### Data shown:
****************************************

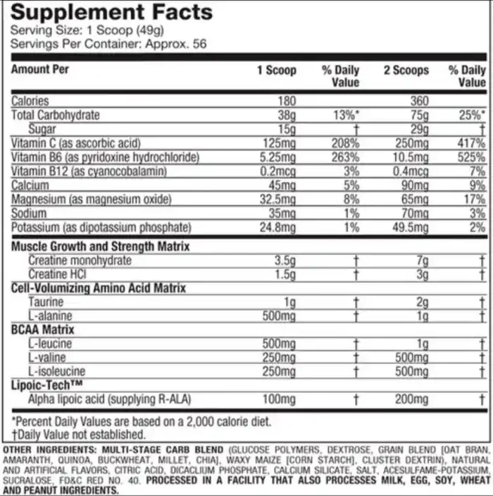 Energía explosiva: Los carbohidratos incluidos en la fórmula ayudan a reponer los depósitos de glucógeno, garantizando energía sostenida durante entrenamientos intensos.
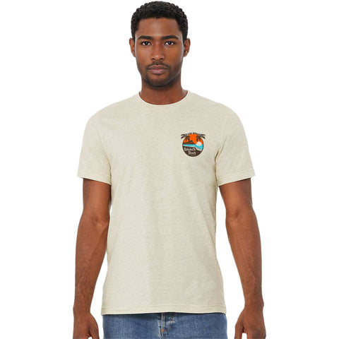 52% cotton 48% polyester slim fit mens short sleeve crew neck t-shirt. Pre-washed and Pre-shrunk. Classic beach scene on front left chest and large back print. The beach life never gets old! Available in Medium, XLarge, .
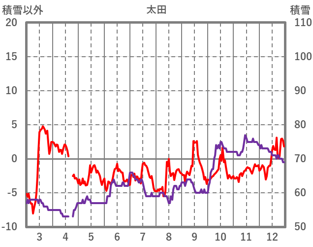 | 日 | 時 | 気温 | 降水 | 風向/風速 | 日照 | 積雪 | 降雪 |

****************************************

### Your objective:
Leaving the pictures out, output the material exactly as it appears.

### Exercise response:
 Energía explosiva: Los carbohidratos incluidos en la fórmula ayudan a reponer los depósitos de glucógeno, garantizando energía sostenida durante entrenamientos intensos.
 52% cotton 48% polyester slim fit mens short sleeve crew neck t-shirt. Pre-washed and Pre-shrunk. Classic beach scene on front left chest and large back print. The beach life never gets old! Available in Medium, XLarge, .
 | 日 | 時 | 気温 | 降水 | 風向/風速 | 日照 | 積雪 | 降雪 |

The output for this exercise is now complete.